In the past couple years, I’ve probably read more about food than all my coursework put together. For me, reading about food is almost meditative—I feel like I’m in familiar territory, especially since I’ve seen so many of these authors on TV or online. Anyway, now that it’s started to rain, curl up with one of these books and some nice ramen.
1. Kitchen Confidential by Anthony Bourdain
“To me, life without veal stock, pork fat, sausage, organ meat, demi-glace, or even stinky cheese is a life not worth living.”
I agree, Anthony. I’m generally not a huge fan of the whole celebrity chef brigade, but I love the honesty with which he writes. It’s almost like accidentally eavesdropping on a conversation; it’s like he didn’t really expect you to read the book. If you are even slightly interested in what goes on on the other side of those kitchen doors, don’t miss this book.

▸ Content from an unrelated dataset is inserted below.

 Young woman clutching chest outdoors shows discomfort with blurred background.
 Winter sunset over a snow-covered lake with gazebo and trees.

2. Momofuku by David Chang
“Momofuku is not me. It’s everyone. I’m just the facade. We have to exceed expectations and be our harshest critics.”

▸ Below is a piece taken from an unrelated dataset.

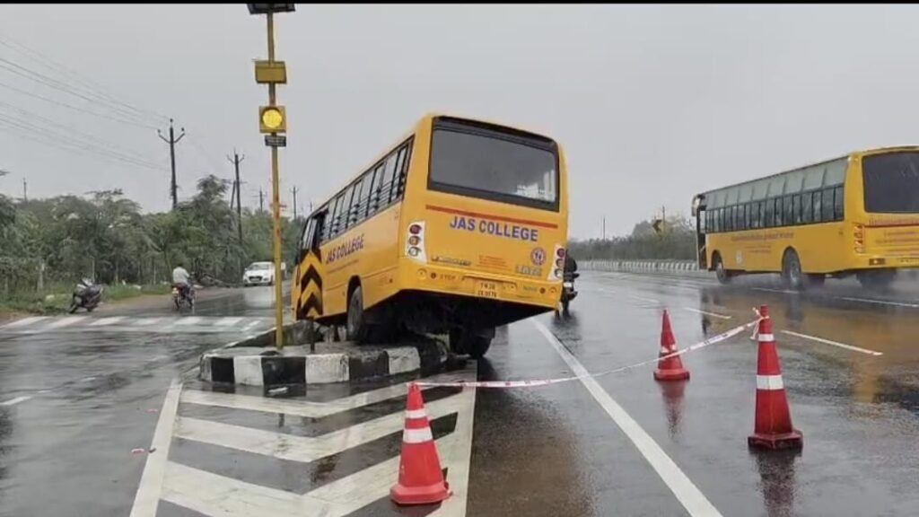 கோவை நகர் மற்றும் புறநகர் பகுதியில் இருந்து ஏராளமான குழந்தைகள், நாள்தோறும் பள்ளி வாகனங்கள் மூலம் வந்து செல்வது வழக்கம் இந்நிலையில் தீபாவளி பண்டிகை ஒட்டி நான்கு நாட்கள் விடுமுறைக்கு பிறகு பள்ளிகள் திறக்கப்பட்ட நிலையில் கோவை மாவட்டம் கருமத்தம்பட்டி அடுத்த எலச்சிபாளையம் பகுதியில் இருந்து சைதன்யா குழுமத்திற்கு சொந்தமான கல்லூரி வேனில் பள்ளி குழந்தைகளை அழைத்துக் கொண்டு ஓட்டுநர் மகேஸ்வரன் சேலம் கொச்சின் தேசிய நெடுஞ்சாலையில் வந்து கொண்டு இருந்தார்.
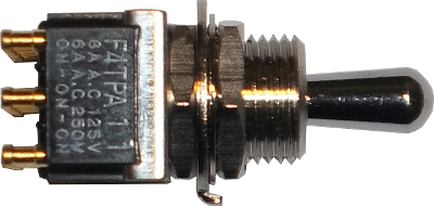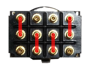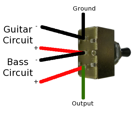 An important note with this switch is the contact layout. With the toggle up or down the contacts are all on one side or the other, but in the middle position the contacts are staggered which makes the switch's orientation important. For the following diagrams to function correctly the switch must be orientated so that when in the middle position its contacts are linked like so:

From the homophonous qualities of the title to the choice of words used–this book is profane. And that’s not considering the very explicit food pornography it hides within its covers.
I love David Chang–and this book embodies his ‘who cares’ attitude as it details the stories of how his Momofuku empire grew and how the dishes evolved. It’s inspirational how Chang spent years in Japan learning about noodles and ramen, and then capitalised on his expertise on these to shoot to fame in the food scene.
3. Eat my Globe by Simon Majumdar
“Go Everywhere, Eat Everything.”
Simon boldly lays down his mission on the cover of his book, and he doesn’t fail to deliver.
He decided to strike this desire off his bucket list after having a midlife crisis and sending out 42 emails saying, “I hate my job,” and quitting. He takes us through a bunch of countries including China, India, Australia and Mongolia.
Reading about him eating a whole tandoori chicken at Bukhara and can rat in China (he ate it so we don’t have to) stirs my desire to get out of the house and start chomping my way around the world myself.
4. Larousse Gastronomique
The venerable encyclopaedia on food, cooking techniques and ingredients. First published in French in 1938, with a preface written by Escoffier, this book has now evolved into a compendium of over 8,500 recipes, over a 1000 pages of culinary terms, 900 full color photographs and 70 black and white illustrations.
Don’t step into a kitchen without a copy of this to back you up.
5. Rude Food by Vir Sanghvi
This one’s for those of you who wait for Vir Sanghvi’s column in Brunch every Sunday. Vir Sanghvi’s honest, yet sharp and witty writing makes up for his occasionally self effacing and borderline obnoxious presentation of views. With columns touching on wine, whisky, caviar and the story of Indo-Chinese food–it’s very comprehensive read.